Reverence is more than a ballet move.

Reverence is More than a Ballet Move

Ballet dancers are likely to have heard of reverence and know what it is.

Reverence (ray-vay-rahnss), in general, is a French word that refers to paying respect to something or someone in authority (such as a teacher) by performing an act of reverence.

There are 4 classical and contemporary acts of reverence that include:

  1. Traditional curtsy or bow in ballet.
  2. Goodbye circle where younger dancers hold hands in a circle to curtsy or bow and applaud for the class.
  3. Tap break where a signature rhythm is created for students to execute at the end of class. After the rhythm students clap their hands and say “break.”
  4. Take a bow where contemporary classes (jazz, hip-hop, etc.) demonstrate a gesture of respect whether a bow or a fun, whimsical movement and signal the end of class with applause.

Reverence is also a mentality which can be built by performing any of the acts of reverence noted above.

Ritualistic Behavior

Whether showing respect for a teacher or accompanist, fellow students, an audience or a person you’ve just met, reverence is a ritual. We’re compelled to behave that way because of social customs that have been ingrained over time.  

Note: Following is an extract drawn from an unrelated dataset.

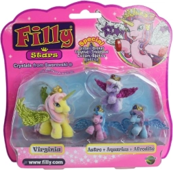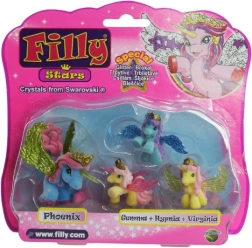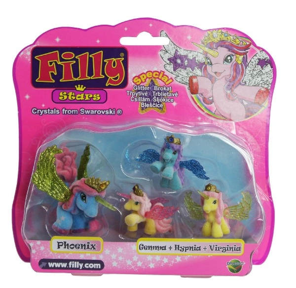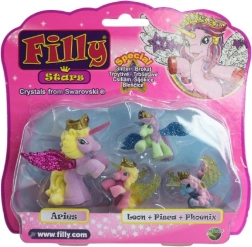 Filly Stars aporta una dosis de fantasía a cualquier habitación infantil. El set 1+3 incluye un caballito más grande y tres potrillos en colores vivos. Gracias a las alas brillantes, las coronas doradas y los cuernos mágicos, los niños se enamorarán de los cuentos de hadas y del juego creativo.

The ritual performed in the classic sense is a curtsy for women and bow for men. The ports de bras – an exercise designed to develop graceful movement and disposition of the arms – may also be used as a move of reverence.

Variations on Reverence

There are variations of this ritual that can take on many expressions.

The simple bow, repeated class after class, or any number of port de bras and steps that create a series and can actually be just one more way to practice the moves before the class wraps up. An especially dramatic (deeper) curtsy or bow is known as a grande reverence. 

Reverence may include clapping and can be incorporated into a dance routine. Any of these forms of expression may be used to pay reverence to your dance partner or the other dancers in the class or group.

In more genteel times, decorum demanded that gentlemen bowed when they met ladies. They tipped their hats if simply passing by. Today, some who practice social graces still give a node of the head. The layman also shows reverence to their supreme being in religious settings by bowing the head and closing the eyes in prayer.  

Hand-clapping at the end of a performance by the audience is also a form of reverence that show their appreciation for the performance they were just given.

A Little History

The very first records of dancing are found in India and Egypt in c. 3300 BC, but it would be far-fetched, even inaccurate, to say that Indians or Egyptians invented dancing.

Ballet began around 1500 in Italy. Terms like “ballet” and “ball” stem from the Italian word “ballare,” which means “to dance.” When Catherine de Medici of Italy married the French King Henry II, she introduced early dance styles into court life in France.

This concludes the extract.